Work instructions:
Retype, without changes, every line from the line that contains "Metal: 14K Yellow" through the final line of the records. Exclude pictures.
====== Available data
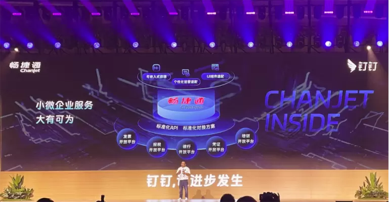 畅捷通依托服务小微企业的多年经验,构建了生态开放平台,并以融合开放的生态策略,引入更多生态伙伴,满足小微企业全渠道场景下差异化与个性化的云服务需求。与钉钉等行业战略型生态伙伴合作,双方主要在产品、技术等方面形成互补,通过生态的内外协力作用,赋能内部服务创新和产品创新,巩固核心竞争力。畅捷通希望未来能将财税应用、各类微服务都嵌入到各个生态场景中做到畅捷通“Inside”。
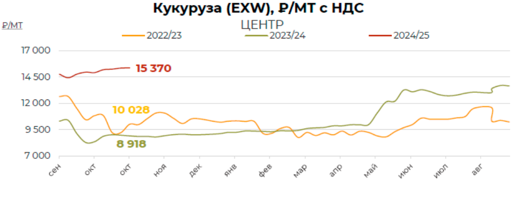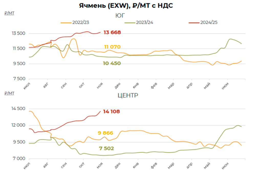 За отчетный период цены на кукурузу на Юге, в Центре и Поволжье остались на предыдущем уровне. Поддержку ценам оказывают умеренный спрос и ожидаемое сокращение производства зерновой культуры в текущем сезоне. Давление идет со стороны высокой экспортной пошлины, ставка которой с 30 октября составляет 2 702,1 руб./МТ. По состоянию на 29.10 в России намолочено 9,8 ММТ кукурузы против 9 ММТ за АППГ при урожайности 49,9 ц/га против 66,9 ц/га в АППГ, обмолочено уже 2 МГА против 1,3 МГА за АППГ.
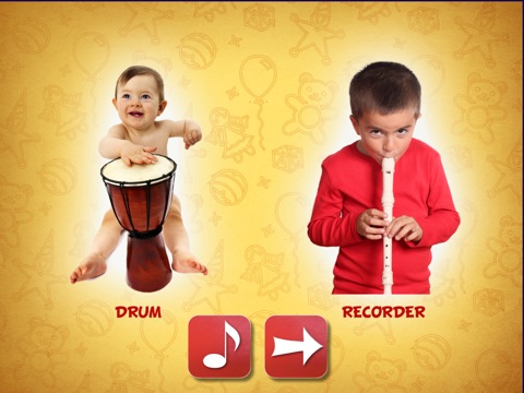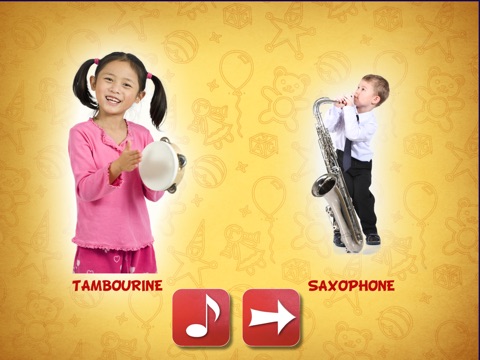 Musical quiz for toddlers and preschool kids that teaches how the particular instrument looks and sounds like.
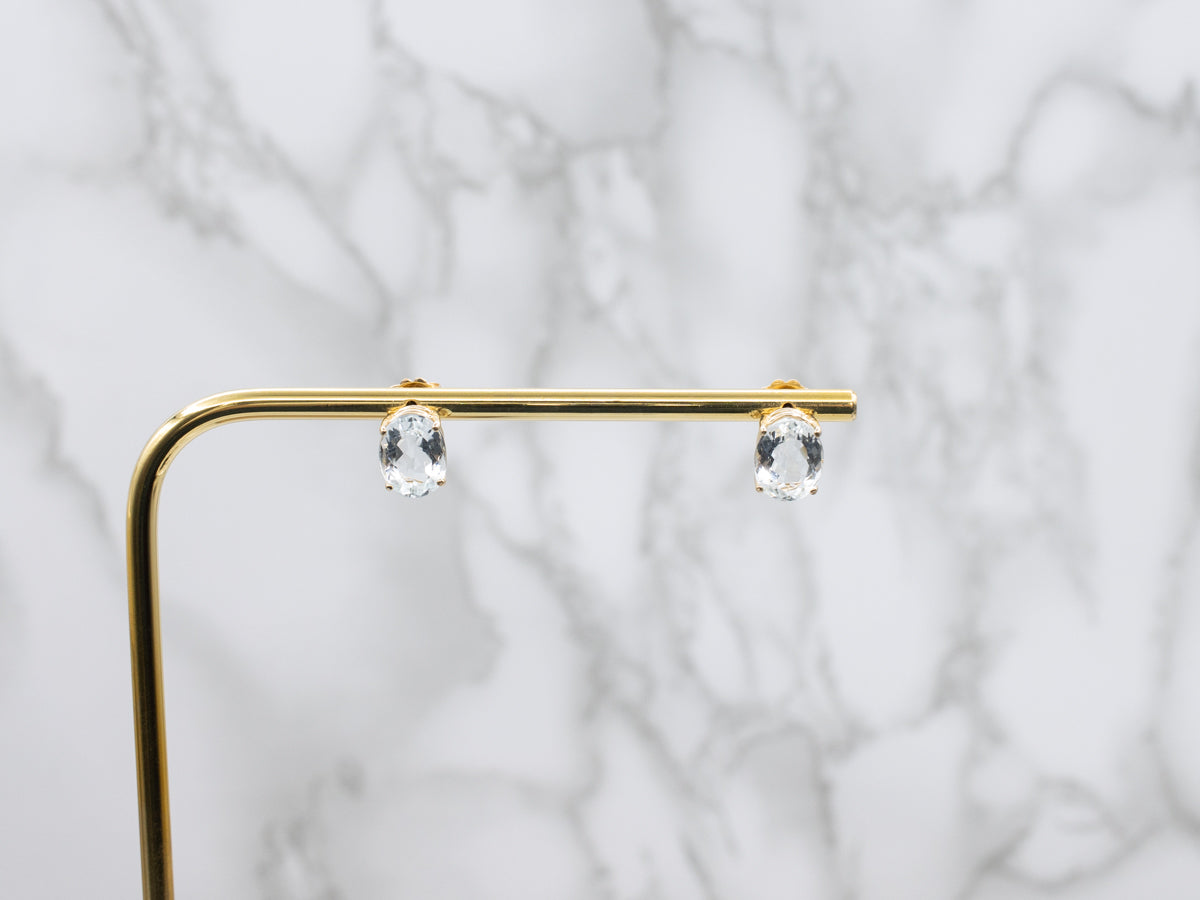 Metal: 14K Yellow Gold Gem: 2 Aquamarine totaling 5.00 Carats Gem Measurements: 7.9 x 10.6. mm, Oval Cut Length of Earrings: 11.0 mm Width of Earrings: 8.0 mm Marks: "14K CU" Stamped on the findings
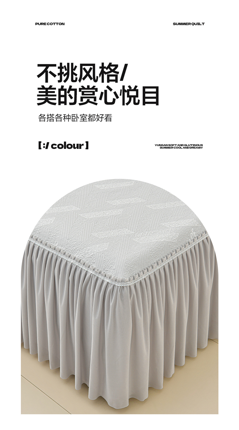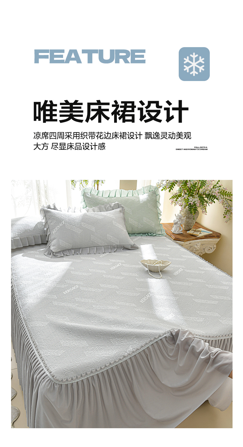 商品名称:绘萱家居 2026新款PE提花冰凉豆豆床裙款凉席席子凉席 帝塞纳-灰
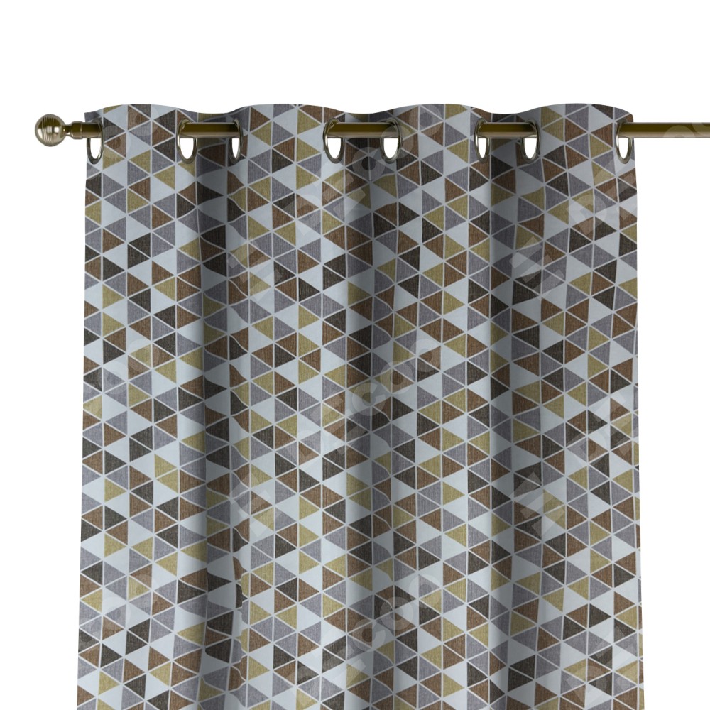 Комплект прямых штор, от производителя «Cortin», пошиты из ткани димаут «Треугольники коричневые», артикул ткани 23021. Данная модель пошита на люверсах, комплектуется на выбор круглым карнизом и подходит для монтажа на стену или потолок. Прямые шторы на люверсах шьются по стандарту с коэффициентом 1/2 (на 100 см. ширины проёма 200 см. ширины ткани), отличительным преимуществом данной модели является простой способ монтажа. Достаточно повесить ее на трубу и штора готова!
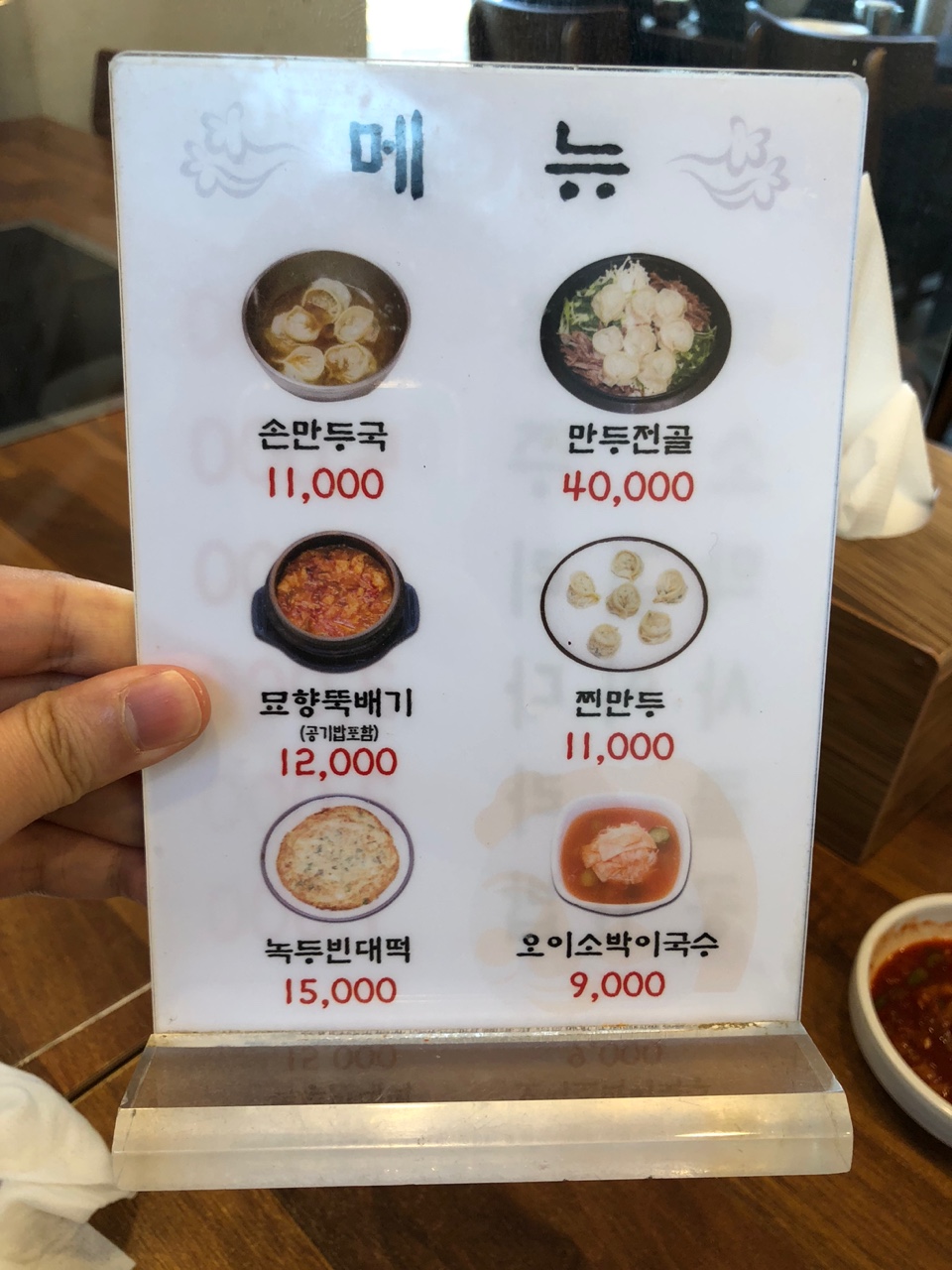 손만둣국과 묘향 뚝배기 하나씩을 주문해서 같이 먹었는데, 뽀얀 만두 국물과 빨간 뚝배기 국물 두 가지 모두 포기할 수가 없었거든요. ㅎㅎ
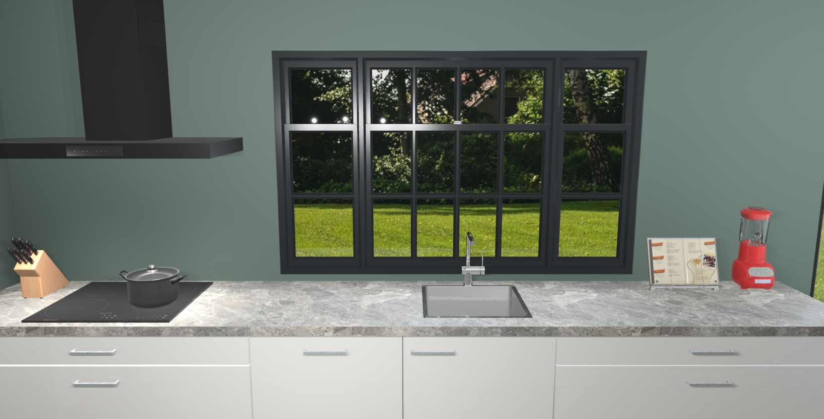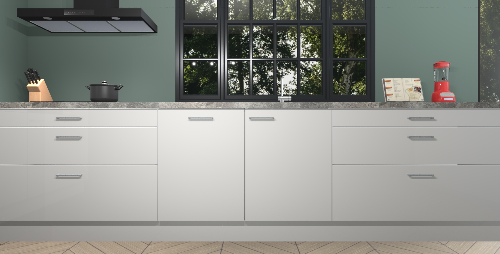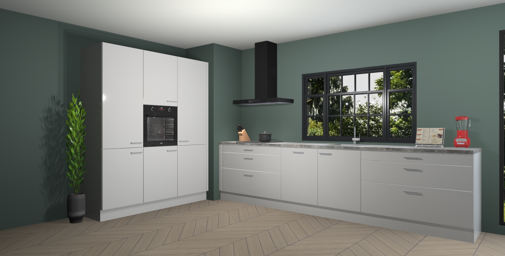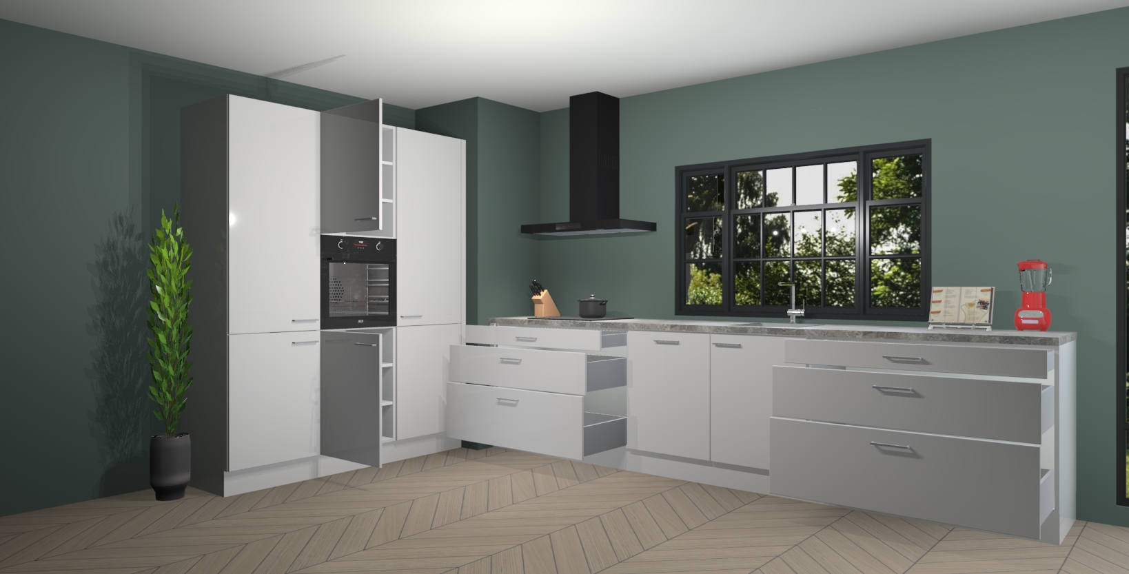De softclose deuren openen en sluiten is ook heel eenvoudig - geniet van een moeiteloze keukenervaring, zelfs als er kinderen rondlopen. Voor extra gemak bij het plaatsen van uw bestelling bieden we ook een upgrade naar een kookplaat met geïntegreerde afzuiging.
============
Answer for the task:
 Metal: 14K Yellow Gold Gem: 2 Aquamarine totaling 5.00 Carats Gem Measurements: 7.9 x 10.6. mm, Oval Cut Length of Earrings: 11.0 mm Width of Earrings: 8.0 mm Marks: "14K CU" Stamped on the findings
 商品名称:绘萱家居 2026新款PE提花冰凉豆豆床裙款凉席席子凉席 帝塞纳-灰
 Комплект прямых штор, от производителя «Cortin», пошиты из ткани димаут «Треугольники коричневые», артикул ткани 23021. Данная модель пошита на люверсах, комплектуется на выбор круглым карнизом и подходит для монтажа на стену или потолок. Прямые шторы на люверсах шьются по стандарту с коэффициентом 1/2 (на 100 см. ширины проёма 200 см. ширины ткани), отличительным преимуществом данной модели является простой способ монтажа. Достаточно повесить ее на трубу и штора готова!
 손만둣국과 묘향 뚝배기 하나씩을 주문해서 같이 먹었는데, 뽀얀 만두 국물과 빨간 뚝배기 국물 두 가지 모두 포기할 수가 없었거든요. ㅎㅎ
De softclose deuren openen en sluiten is ook heel eenvoudig - geniet van een moeiteloze keukenervaring, zelfs als er kinderen rondlopen. Voor extra gemak bij het plaatsen van uw bestelling bieden we ook een upgrade naar een kookplaat met geïntegreerde afzuiging.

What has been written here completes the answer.